$\lim_{n \to \infty} n \int_{1}^{\infty} \frac{dx}{1+x^n}$, solution critique needed

Question

I am particularly curious about exchanging the sum and integral in the third equation, if this is unjustified then please let me know.

We have that

$$\lim_{n \to \infty} n \int_{1}^{\infty}\frac{dx}{1+x^n} =\lim_{a \to \infty}\lim_{n \to \infty} n \int_1^{a}\frac{dx}{1+x^n} $$

Also

$$\frac{1}{1+x^n} = \frac{1}{x^n}\frac{1}{1+\frac{1}{x^n}} = \sum_{i=0}^{\infty}\bigg(\frac{-1}{x^n}\bigg)^i\frac{1}{x^n} =\sum_{i=0}^{\infty}(-1)^i \frac{1}{x^{(i+1)n}}$$

Since we are integrating for $x \geq 1$, the above series converges for every $x$ so we may integrate term-by-term to obtain

$$n \int_1^{a}\frac{1}{1+x^n}dx = n\sum_{i=0}^{\infty}\int_1^{a}\frac{1}{x^{(i+1)n}} \, dx$$

$$= n\left[\frac{1}{n-1}-\frac{1}{2n-1}+\cdots\right]-n\left[\frac{a^{1-n}}{n-1}-\frac{a^{1-2n}}{2n-1}+\cdots\right] $$

where the second term goes to zero as $n$ goes to infinity.
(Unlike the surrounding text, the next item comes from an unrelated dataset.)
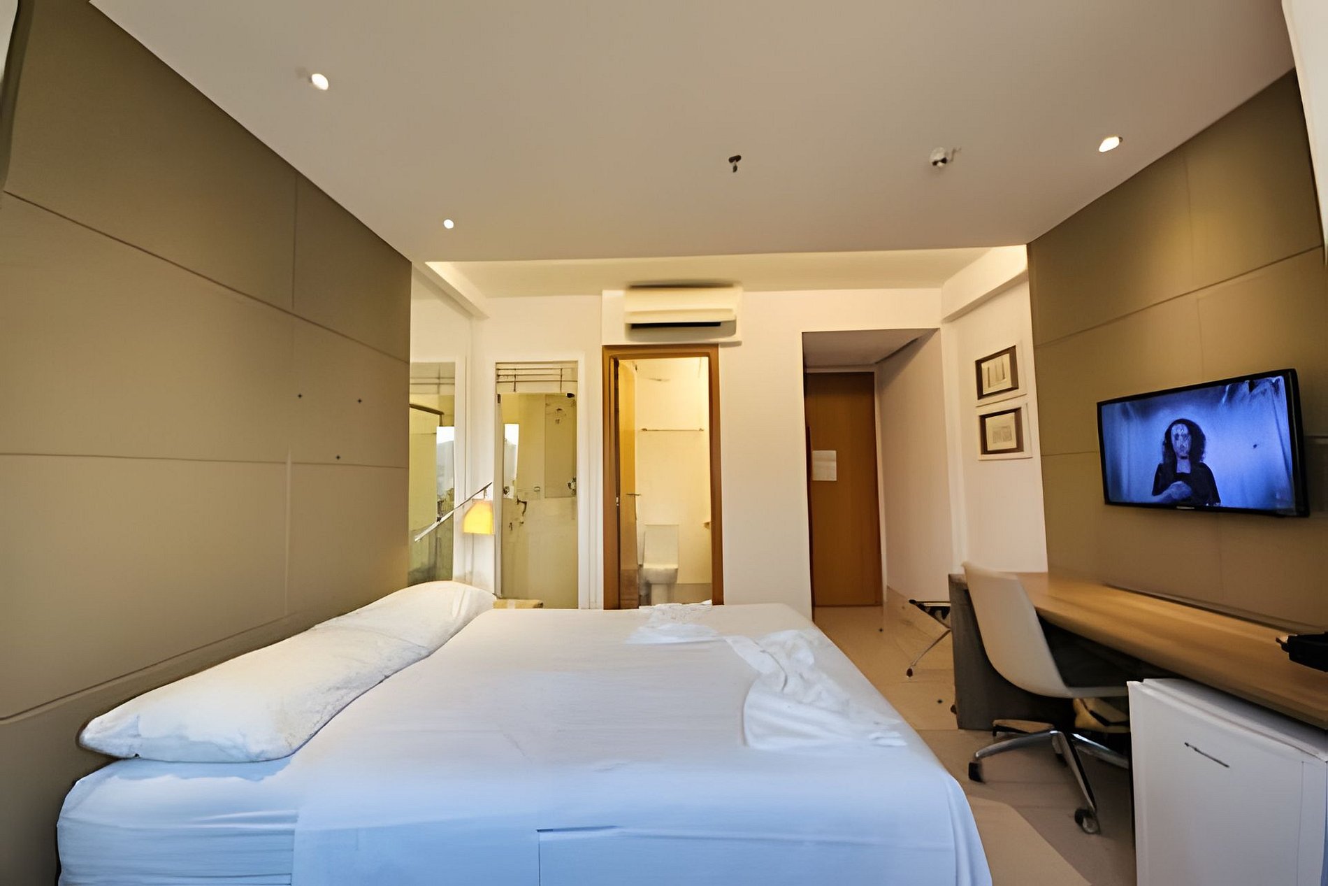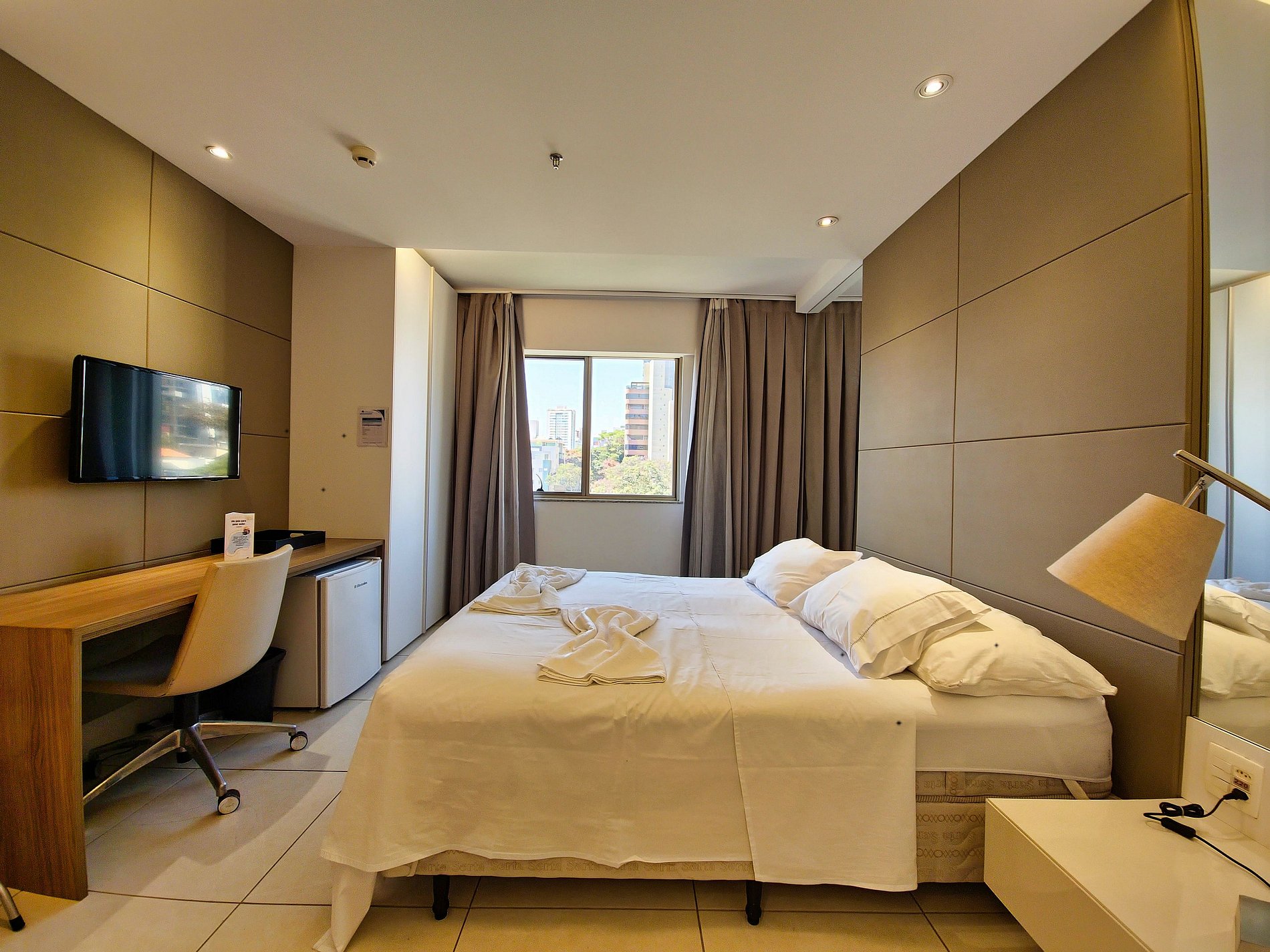 Suíte de hotel moderna e confortável em localização privilegiada de Belo Horizonte, próxima à Savassi e Lourdes. Oferece internet, cama queen com enxoval limpo e macio, ar-condicionado, Smart TV, frigobar e espaço de trabalho. Aproveite a estrutura completa com piscina, sauna, academia e recepção 24h. Próxima a bares, restaurantes e pontos turísticos como a Praça da Liberdade e o Palácio das Artes.

Further, we have that

$$\lim_{n \to \infty}\frac{n}{nk-1} = \frac{1}{k}$$

so the first term becomes $1 -\frac{1}{2}+\frac{1}{3}-... = \ln(2)$. In conclusion we get

$$\lim_{a \to \infty}\lim_{n \to \infty} n \int_1^{a}\frac{dx}{1+x^n} =\lim_{a \to\infty} \ln(2) = \ln(2) $$

independently of $a$.

Answer 1

The interchange of the order of summation and integration needs to be justified. Then the interchange of the order of limit and summation needs to be justified. Here is how I would proceed:

$$ \begin{align} \lim_{n\to\infty}n\int_1^\infty\frac1{1+x^n}\,\mathrm{d}x &=\lim_{n\to\infty}n\int_1^\infty\sum_{k=1}^\infty(-1)^{k-1}x^{-kn}\,\mathrm{d}x\tag1\\ &=\lim_{n\to\infty}n\int_1^\infty\sum_{k=1}^\infty\left(x^{-(2k-1)n}-x^{-2kn}\right)\,\mathrm{d}x\tag2\\ &=\lim_{n\to\infty}n\sum_{k=1}^\infty\left(\frac1{(2k-1)n-1}-\frac1{2kn-1}\right)\tag3\\ &=\lim_{n\to\infty}\sum_{k=1}^\infty\frac{n^2}{((2k-1)n-1)(2kn-1)}\tag4\\ &=\sum_{k=1}^\infty\frac1{(2k-1)2k}\tag5\\ &=\sum_{k=1}^\infty\left(\frac1{2k-1}-\frac1{2k}\right)\tag6\\ &=\sum_{k=1}^\infty\frac{(-1)^{k-1}}k\tag7\\[6pt] &=\log(2)\tag8 \end{align} $$ Explanation:
$(1)$: write the integrand as a geometric series
$(2)$: group terms by twos
$(3)$: apply Fubini's Theorem
$(4)$: rewrite the terms
$(5)$: Dominated Convergence (see this answer)
$(6)$: rewrite terms
$(7)$: write as an alternating series
$(8)$: evaluate the series

Answer 2

I thought it might be instructive to present a way forward that does not require applying the Dominated Convergence Theorem, Uniform Convergence, or Fubini's Theorem. Rather, it relies on tools of elementary calculus only, including substitution, integration by parts, and a basic inequality of the logarithm function. To that end, we now proceed.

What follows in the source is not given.